The radicals’ homophobic and emasculating rhetoric towards men reflects a belief that women cannot form genuine friendships or romantic relationships with men, as men’s ‘essential’ orientation is assumed to be toward other men. While this perspective diverges from mainstream global feminism, it is not surprising considering the context. In contrast to Western feminists, who are more likely to find unity with other left-wing causes, including LGBTQ rights and environmentalism, Chinese feminists often disagree on such issues. Some online factions often described as ‘radical feminists’ may see others as mere intellectuals who fail to practice what they preach, and thus regard themselves as the only ‘true’ feminists in solitude. Meanwhile, other feminists feel an even deeper solitude, believing themselves to be bad feminists for not conforming to the movement’s ideological expectations. This divergence results in a loose network: within large groups, not only does geographical distance create physical isolation, but the emotional distance between individuals intensifies the feeling of fighting a solitary battle.

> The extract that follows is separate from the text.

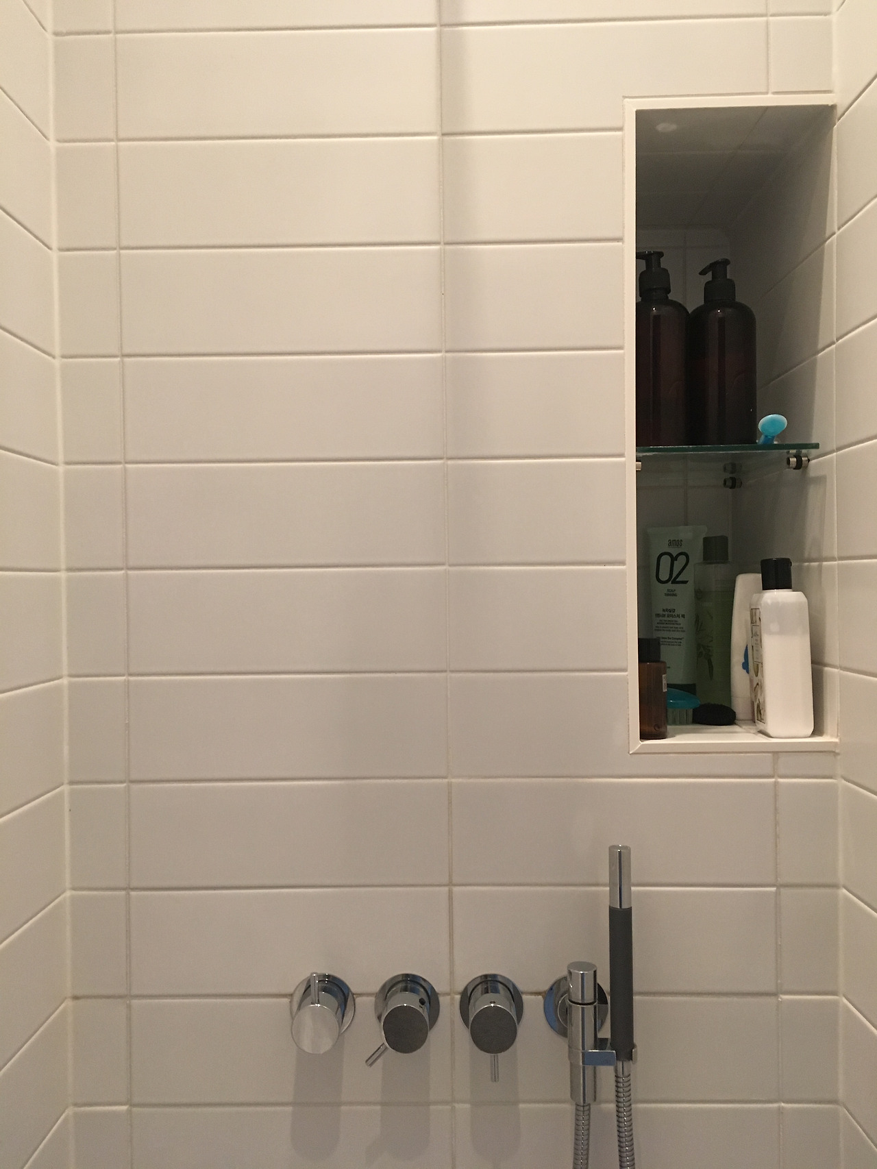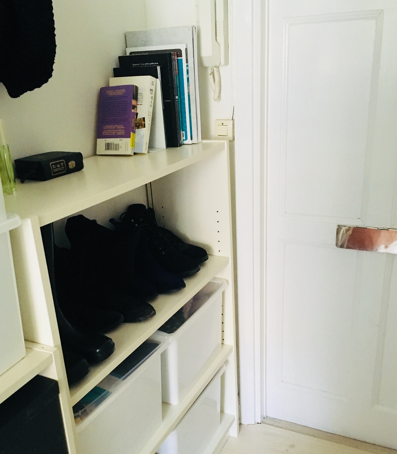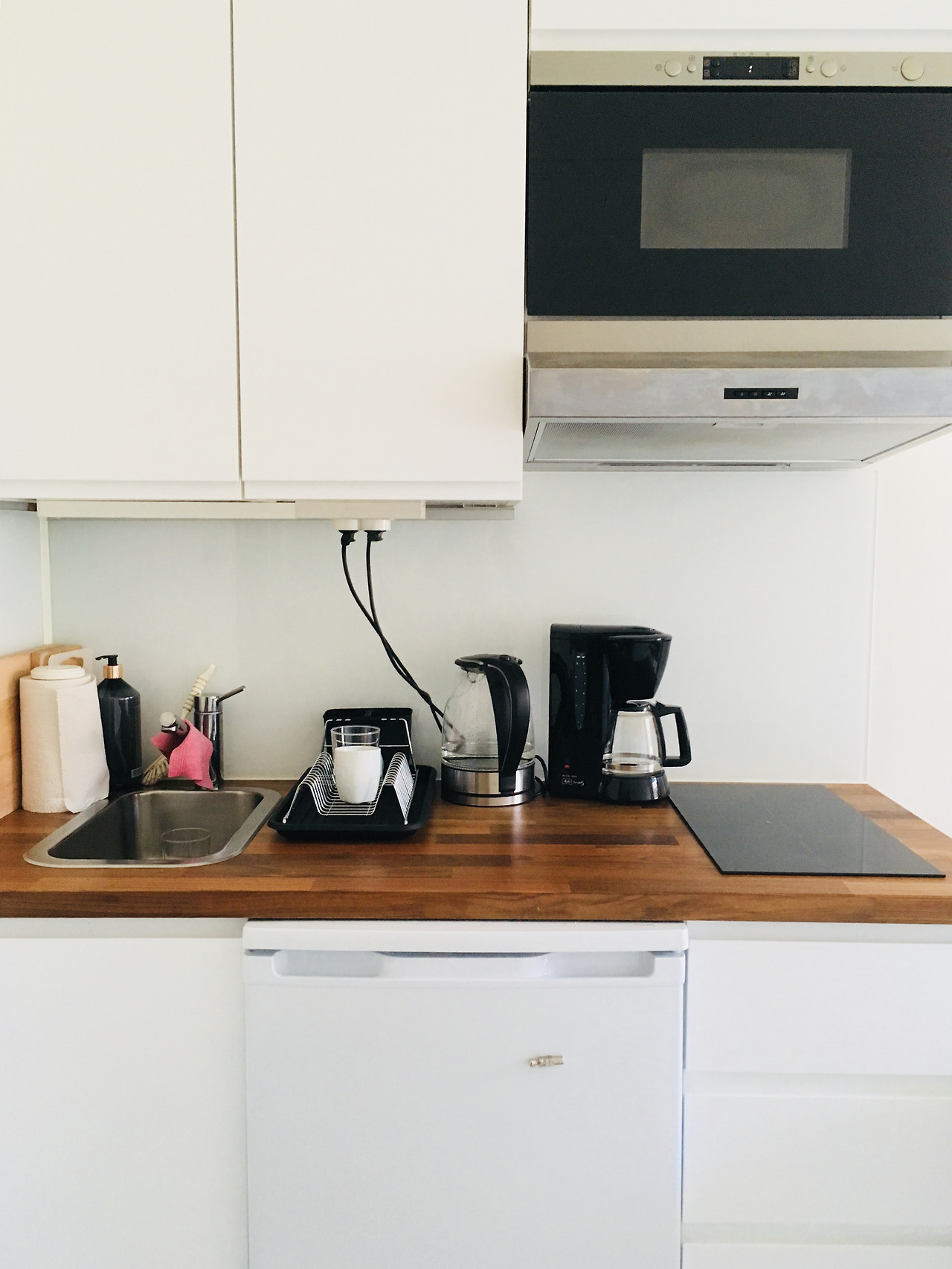 주방은 매우 작았지만 있을 것은 다 있었다 나는 여기서 매일 요리를 해 먹었다 스웨덴은 키친 높이가 우리보다 훨씬 높다 우리는 870mm가 평균인데 여기는 950 정도 되었다 신발장은 따로 없지만 책장을 활용했었다

The trajectory of Chinese feminism illustrates a microcosm of the global struggle between solidarity and solitude when activism is faced with both external pressure and internal conflict. Feminism, however, cannot be reduced to a battle between binary genders as opposing forces. Radicalism may have served as a necessary catalyst for change, but its influence is not harmless. Building solidarity between straight feminists, lesbians, and other sexual minorities across class divisions requires recognizing patriarchy as the common oppressor, one that privileges a few while also exploiting women, lower-class men and men who are sexual minorities through a hierarchical system that exerts control over gender, power, culture and the economy. Whether expressed through offline protests or screens, Chinese feminism continues to negotiate the fragile balance between solitude and solidarity, a balance that defines the politics of resistance in the twenty-first century.
Aijia He is a second-year Psychology and Philosophy (PPL) student at Brasenose College, Oxford. Her academic interests range from ethics to cognitive science.